Sunday, January 13, 2008

Random Math Puzzle

This was something I came across during one of my recent forays into useless mathematics.

Suppose you have a collection of n items and you want to choose k of them at random (without replacement). Assume that n is greater than k. Associated with each item x is a value yx which is real valued between 0 and 1. We have an additional constraint that y1 + ... + yn = k.

Devise a randomized algorithm to select k items such that, for each item x, the probability of x being selected is exactly yx.

[EDIT 02/17/2008] I figured that I should write down the solution somewhere before I forgot about it.

Consider a circle of circumference k. Each of the n items owns a contiguous segment of the circle, with the length of xi's segment equal to yi. Clearly we have that the sum of all the segments is k, thus the entire circle is owned by some item.

Place k markers around the circle which are of uniform distance apart. So each marker is 1 unit distance away from its two neighbors. Now imagine spinning the circle like a wheel while the markers stay fixed. We can alternatively imagine rotating the markers while the circle stays fixed. After spinning, select the k items whose segments are touching a marker.

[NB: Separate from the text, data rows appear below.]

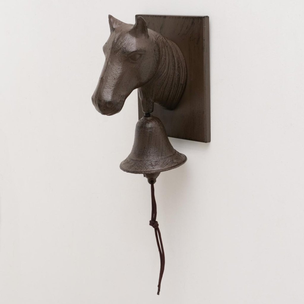 Liatinový zvonček s ozdobnou konskou hlavou je štýlová záhradná dekorácia, ktorá dokonale doplní vstup do domu, terasu a záhradnú bránu. Robustná konštrukcia umožňuje jednoduché pripevnenie na stenu a zaručuje dlhú životnosť aj pri používaní vonku.
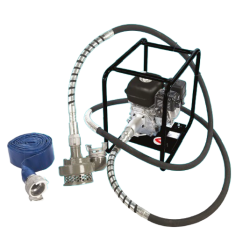 L'ensemble complet inclut le groupe moteur GEH APC avec moteur Honda, la pompe à câble de 6 m, un tuyau de refoulement de 10 m (Ø 75 mm), un collier de serrage et les raccords nécessaires.
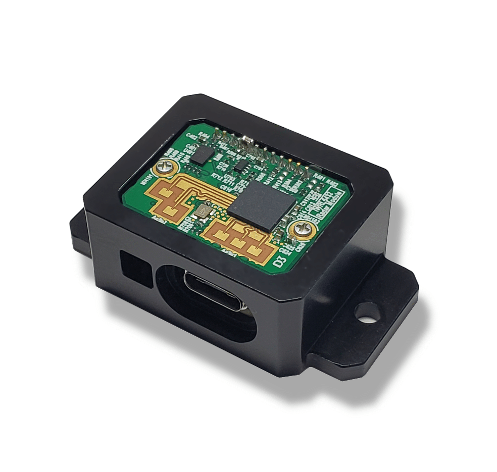 Another thing that’s interesting about millimeter wave radar is the sensors. Cameras and illumination can be somewhat large and can contain moving parts (for focus or scanning). Millimeter wave radar is solid state and has no moving parts. It can also be quite small. See the figure below, which shows one of our radar sensors. This model is approximately 25 x 25 x 15 mm (1 x 1 x 0.6 inches).

Proof of correctness. The proof takes two parts. We first prove that the number of items selected is k. We then prove that the probability of each item xi being selected is yi. Since the markers are 1 unit apart and the maximum length of a segment is 1, then each segment will almost surely be touching at most 1 marker. Therefore, the number of items that will be selected is k.

For item xi, consider the location of the center of its segment ci. For xi to be selected, ci needs to be within yi/2 distance from a marker (from either side of the marker). Therefore, we can consider the equivalent problem where each marker is the center of a segment (of the circle) of length yi, and xi is selected if, after spinning, its center ci falls inside one of the markers' segments. Viewing the problem this way allows for an easier probabilistic analysis. The total length of segments of the markers is k*yi. The total length of the circle is k. So the probability that xi is selected is exactly k*yi/k = yi.


Benjamin Darfler said...

Dude, that sounds like something I would get asked at a Google interview. I lost track of the question by the end.

Yisong said...

I think the degree of difficulty of this problem is appropriate for a technical interview. I think interview questions typically don't deal with probability that much... something that I hope will change in the future.